Teaching Kids to Save

Kids and money may sometimes go as well together as well as oil and water. Teaching your children how to save money at a young age is placing time on their side- could you imagine if you saved 10% of all the money that you earned in your life?  How much would you have now? It’s probably pains you to think about this, doesn’t it. Here are a few ways to get your kids on the right savings track to be specialized in savings!

The Savings Incentives vs. The Rebel Yell

If you make it mandatory for your kids to place a percentage of their money into savings, you could very well have a “financial rebel” on your hands, especially as they get older. (You remember the rebellious teen years, don’t you?) Incentives are a much calmer means of getting your point across, maybe matching the money that they save, even if its not dollar for dollar.  This will also prepare them for the workplace and 401K’s with employer matching- and seeing how fast other people’s money adds up!

Start at the Bottom and Work Up…with Pennies!

Beginning at age 5 (when they usually stop putting coins in their mouth), kids love to collect, save and count pennies.  Let them keep all of the pennies that come into the household in their room, perhaps in an easy-open piggy bank so that they can access and count them when they want to, being sure that they understand that the money is the property of the entire family. Gradually add in nickels, dimes and quarters explaining in full how this coin is equal to a certain number of pennies. This “spare” change could add up to a family vacation for a long-term savings, or a trip out to the movies for the less patient.

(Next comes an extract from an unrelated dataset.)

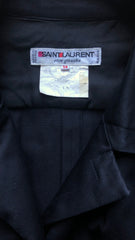 This Yves Saint Laurent jacket is from the designer's iconic "Rive Gauche" ready-to-wear line. Made in France of durable black cotton, it does up the front with 4 black plastic buttons and has two large pockets. It is labeled a size 38, but the oversized shape and balloon sleeves allow for a generous fit. It is in excellent condition (possibly unworn,) professionally dry-cleaned, and ready to wear.

Whatever it is, be sure that your child is part of every stage.

By the time kids are 7 or 8, you may want to think about an allowance.  If you decide to go forward with one, be sure to teach your kids to put a certain percentage into savings, (typically 10% is the average) and the remainder for their personal spending.  Let your child know that just as you have specific areas where your personal paycheck goes, like to food, clothing and the electricity, they too are responsible for paying for something that they need.  Of course, when you’re 8, you “need” baseball cards, video games, or the latest boy band CD.

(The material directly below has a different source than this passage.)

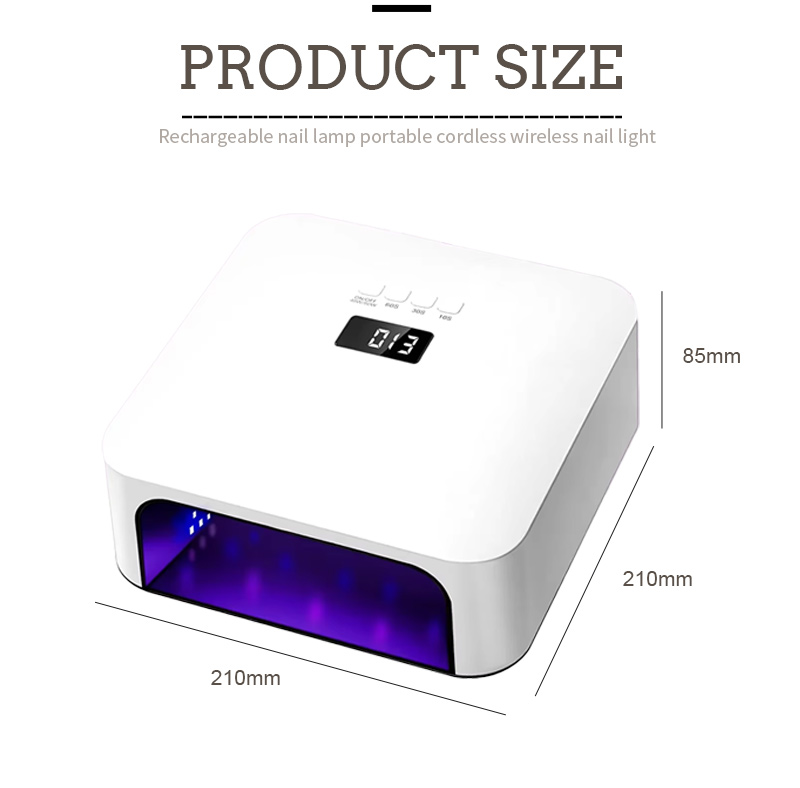 Las dimensiones de esta lámpara de secado rápido de uñas de alta calidad son 210 mm de largo, 210 mm de ancho y 85 mm de alto, con una gran capacidad y la posibilidad de usar tanto las manos como los pies, lo cual es muy conveniente.

Bust out the Lemonade Stand- Ages 10 to Pre-Employment Teens

Now comes the fun part- teaching your children about earning money.  Maybe the neighbors go away for a week, junior gets their mail and earns $10.  Again, teach them to put a percentage into savings before spending the entire thing.

Say that your daughter wants a new pair of roller blades, but her birthday is months away.  Teaching her to earn the money just like mom and dad do, maybe with some extra chores around the house, or opening a lemonade stand in the well-supervised front of your house will teach her a valuable worth ethic to earn her own money for what she wants.

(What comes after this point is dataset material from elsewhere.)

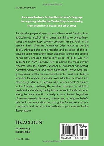 En tiempos de crisis, a menudo es aconsejable volver a lo básico. Para aquellos en recuperación durante la pandemia de coronavirus, este compañero actualizado en el viaje de doce pasos le trae lo básico a usted. Un texto básico accesible escrito en el idioma de hoy para cualquier persona guiada por los Doce Pasos en su recuperación de la adicción al alcohol y otras drogas. Durante décadas, personas de todo el mundo han encontrado liberarse de la adicción, ya sea al alcohol, otras drogas, juegos de azar o comer en exceso, utilizando el programa de recuperación de Doce Pasos que se presentó por primera vez en el libro seminal Alcohólicos Anónimos . Aunque los principios y prácticas centrales de esta guía invaluable se mantienen fuertes hoy en día, la ciencia de la adicción y las normas sociales han cambiado drásticamente desde que se publicó por primera vez en 1939. Recovery Nowcombina la investigación más reciente con la sabiduría intemporal de Alcohólicos Anónimos, Narcóticos Anónimos y otras guías establecidas del programa de Doce Pasos para ofrecer un texto básico accesible escrito en el idioma de hoy para cualquier persona que se recupere de la adicción al alcohol y otras drogas. Marvin D. Seppala, MD, ofrece una "opinión del médico" en el prólogo de Recovery Now, describiendo los avances médicos en el tratamiento de adicciones y actualizando el concepto de adicción del Libro Grande como una alergia para revelar cómo es realmente una enfermedad cerebral. Independientemente del género, la orientación sexual, la cultura,

Any allowance money earned during this time should be looked upon as part of the family budget.  If junior wants to go to the movies, but already spent his allowance on a CD, junior’s not going to the movies- just like if mom and dad didn’t have any extra cash, they’d have to wait to see the flick, too.

Establishing a foundation for savings is much easier when it’s mandatory and becomes habit.  Having your child open a savings account at the local bank and watch the money add up is more likely to create excitement when they’re young, too. After all,  $10 is a much higher dollar amount when you’re 10 then when you’re 16. 

Teaching your kids the basics of earning, saving and spending before they go out and get their first job will save them a bit from “tax shock” and give them a solid foundation for a strong work ethic- one that they will use throughout their entire life.